### Records provided

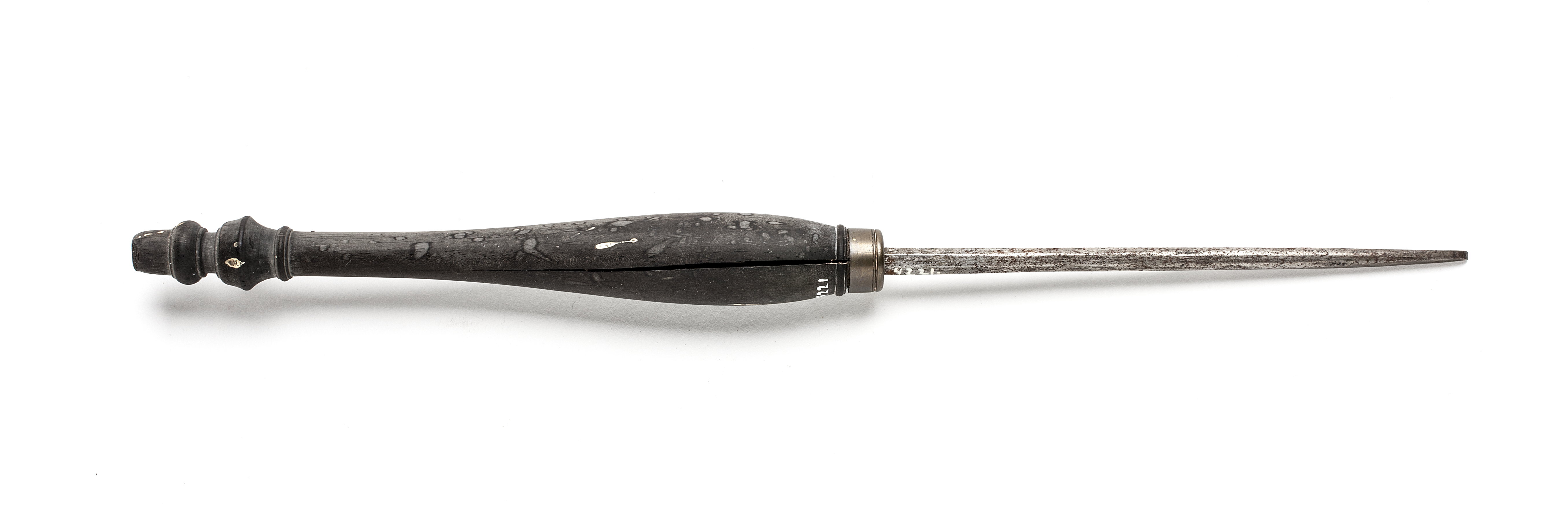 Åttkantig klinga. Eggen något slipad på ovansidan, rundad på undersidan. Svarvat skaft av ebenholts med profilerad ände, mässingsring.
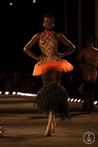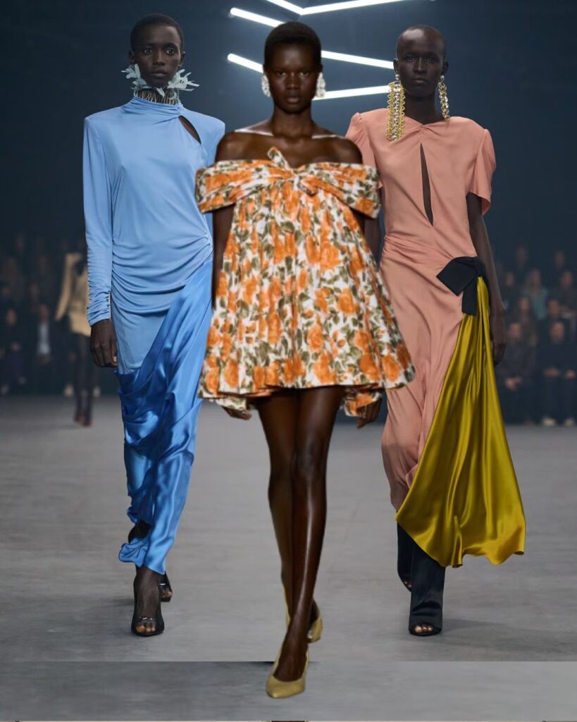 O desfile de Daniel Roseberry para Schiaparelli trouxe peças que desafiam a lógica tradicional da moda. Garras, formas inspiradas em animais, plumas ultra-estruturadas e esculturas têxteis transformaram vestidos em esculturas performáticas como verdadeiras obras de arte vestíveis.
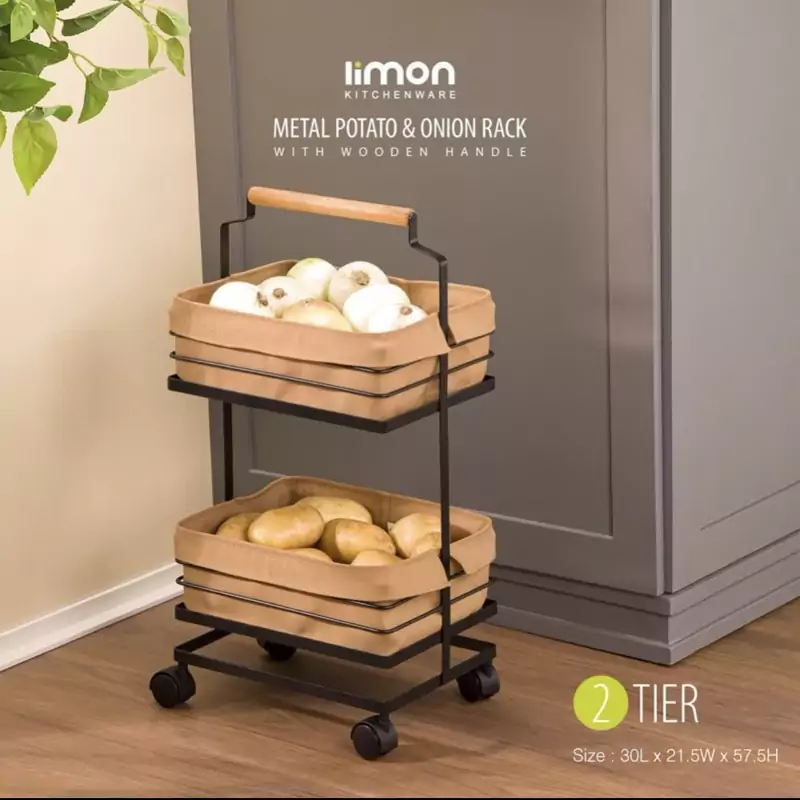 جاسیب زمینی و پیازدو طبقه دسته چوبی و پارچه دار لیمون دوطبقه
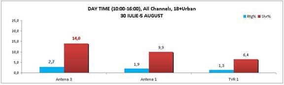 Loc fruntaş a ocupat şi în day time, intervalul orar 10.00 – 16.00, postul de ştiri atingând o medie de 14% cotă de piaţă şi 2,7% rating.
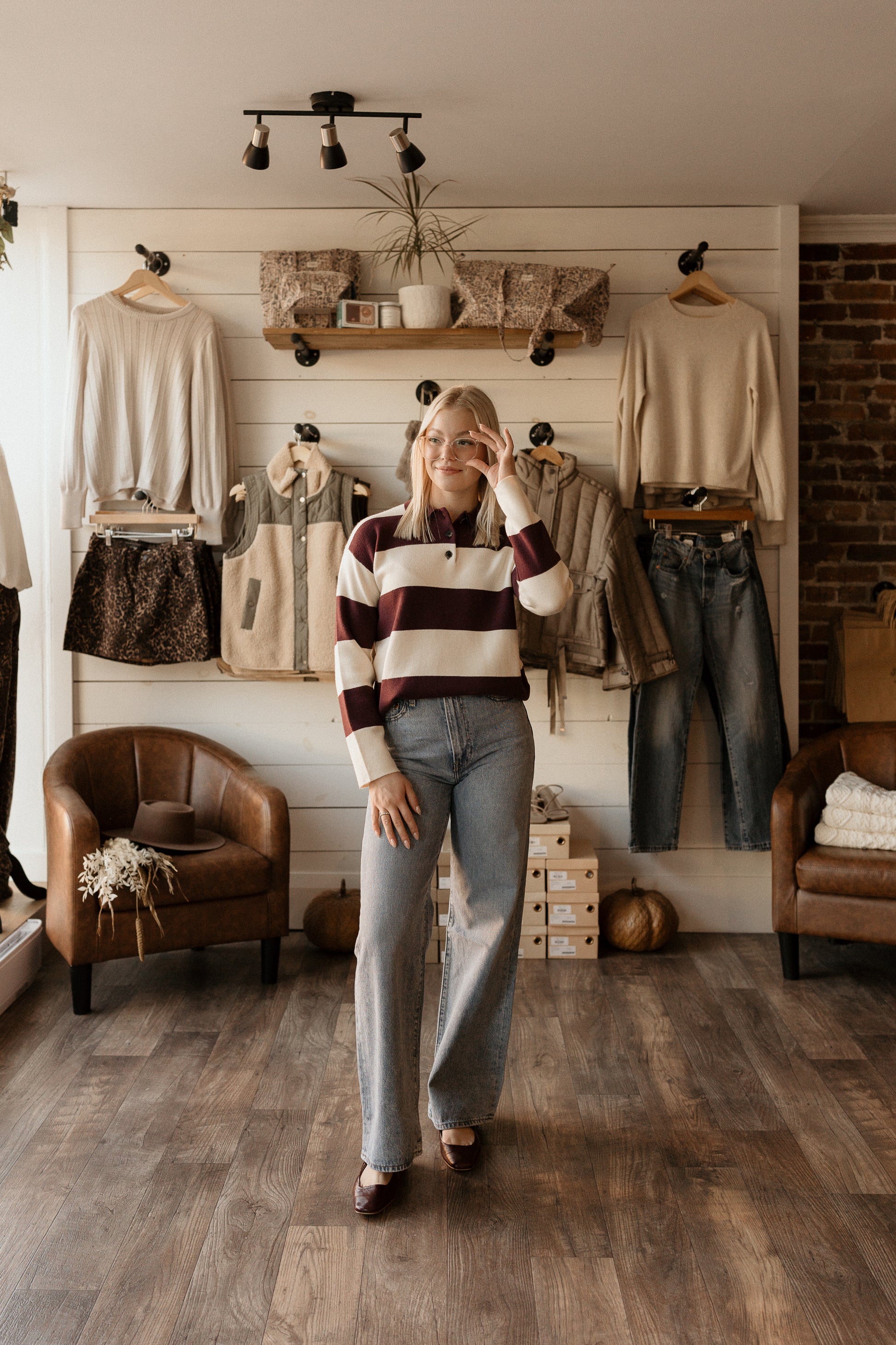 Wine tasting and birch striped rugby polo with a collar.
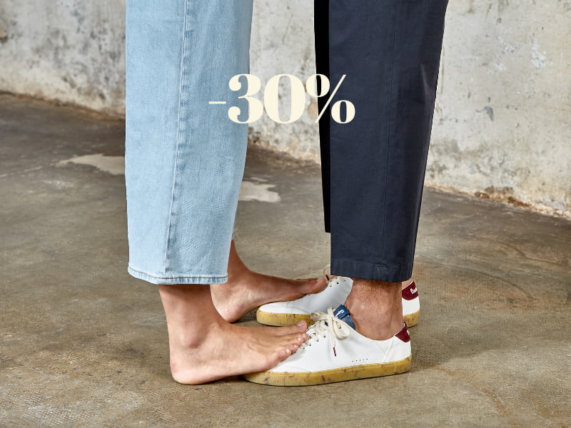 • 30 % de réduction sur le prix de base de la sélection de baskets minimalistes incluses dans le fitre "-30'%", et sur les chaussettes
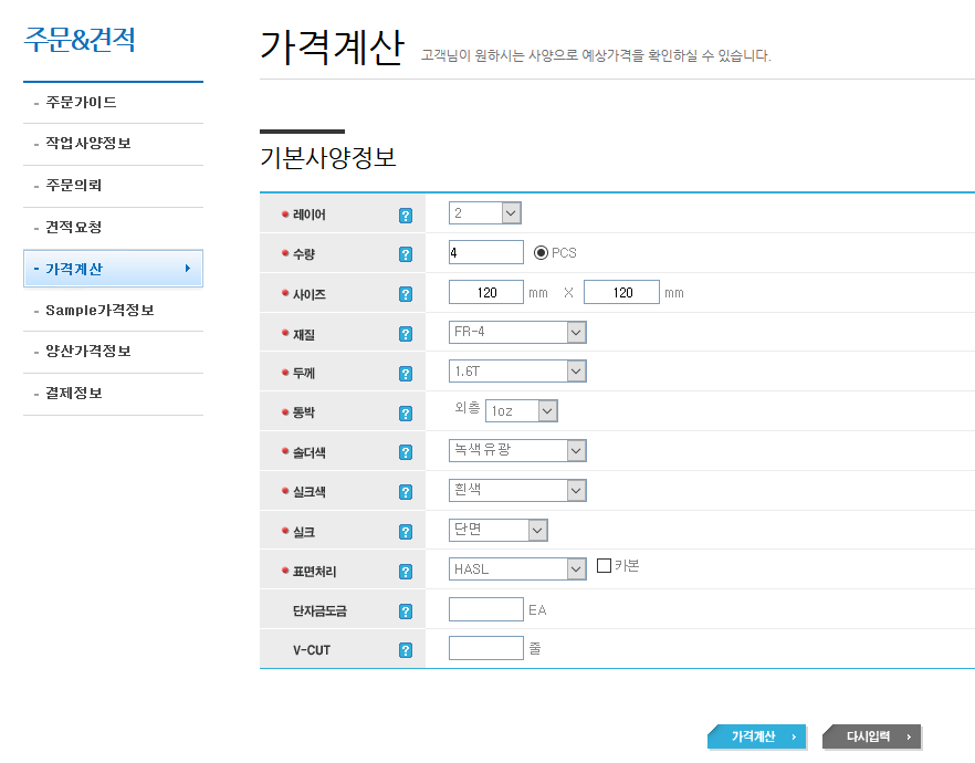 주문&견적의 가격계산 탭에서 기본사양정보만 입력하면 제작배송기간 별로 견적이 나옵니다.
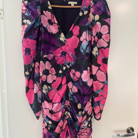 Blomstrete festkjole. Puffete lange ermer og v/-utringning. Drapering over mage og bak som gir en fin silhuett. Den er tettsittende nedentil og litt løsere stil på overdelen. Den har glidelås bak. Den er M/38 og har stretch fra stikk i draperingen som former mage og rumpe.
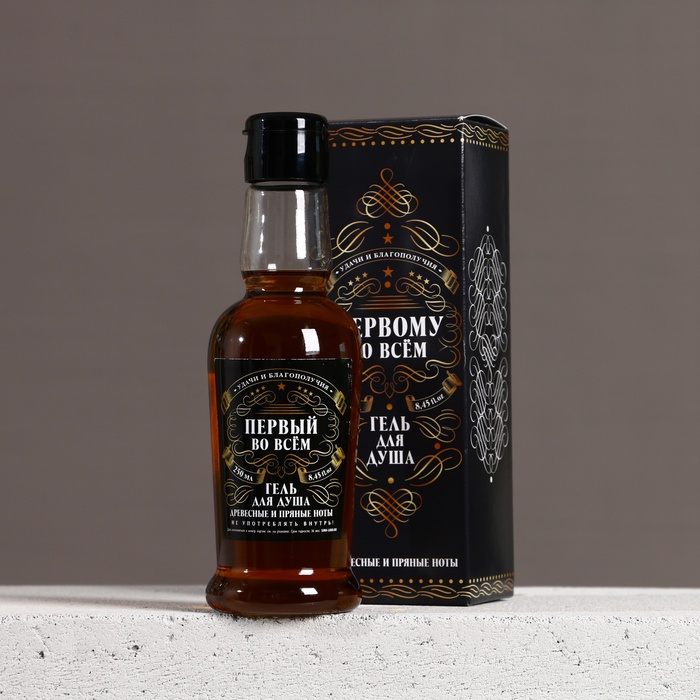 Гель для душа коньяк «Первому во всём», 250 мл, аромат древесный с пряными нотами, Чистое счастье
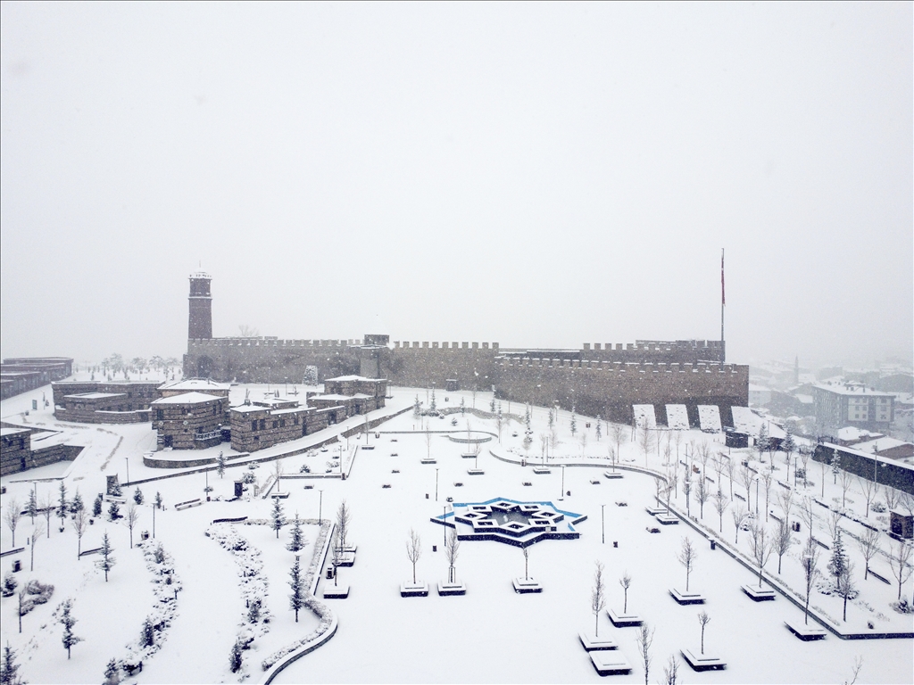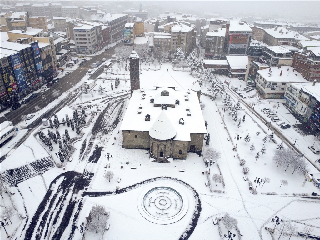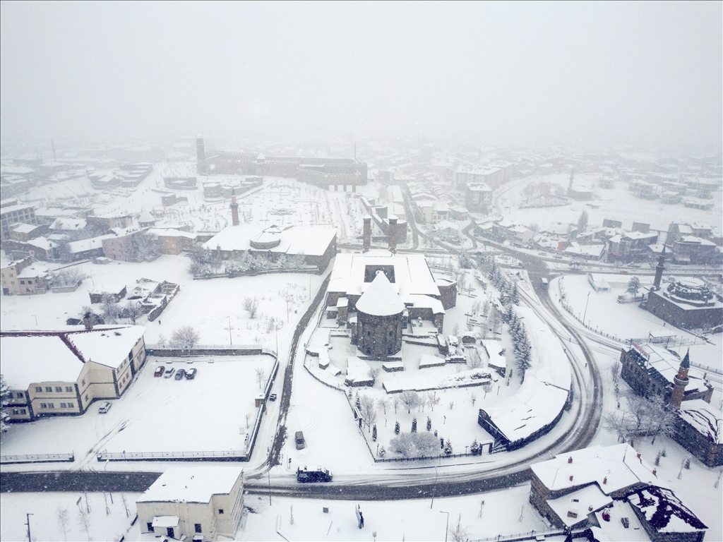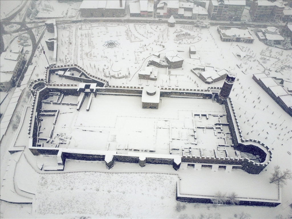 Erzurum'da son günlerde aralıkla yağan kar, akşam saatlerinde yeniden başladı. Gece boyunca devam eden ve etkisini artıran yoğun yağış sonrası kent merkezinde kar kalınlığı yaklaşık 15 santimetreye ulaştı. Beyaza bürünen kent merkezi ve tarihi yerler havadan görüntülendi. ( Faruk Küçük - Anadolu Ajansı )Faruk Küçük

### Aim of the exercise
An exact copy is needed of the entries above, starting at the line that holds "Wine tasting and" and stopping at the line that holds "Гель для душа", both kept; pictures stay out.

### Exercise solution
 Wine tasting and birch striped rugby polo with a collar.
 • 30 % de réduction sur le prix de base de la sélection de baskets minimalistes incluses dans le fitre "-30'%", et sur les chaussettes
 주문&견적의 가격계산 탭에서 기본사양정보만 입력하면 제작배송기간 별로 견적이 나옵니다.
 Blomstrete festkjole. Puffete lange ermer og v/-utringning. Drapering over mage og bak som gir en fin silhuett. Den er tettsittende nedentil og litt løsere stil på overdelen. Den har glidelås bak. Den er M/38 og har stretch fra stikk i draperingen som former mage og rumpe.
 Гель для душа коньяк «Первому во всём», 250 мл, аромат древесный с пряными нотами, Чистое счастье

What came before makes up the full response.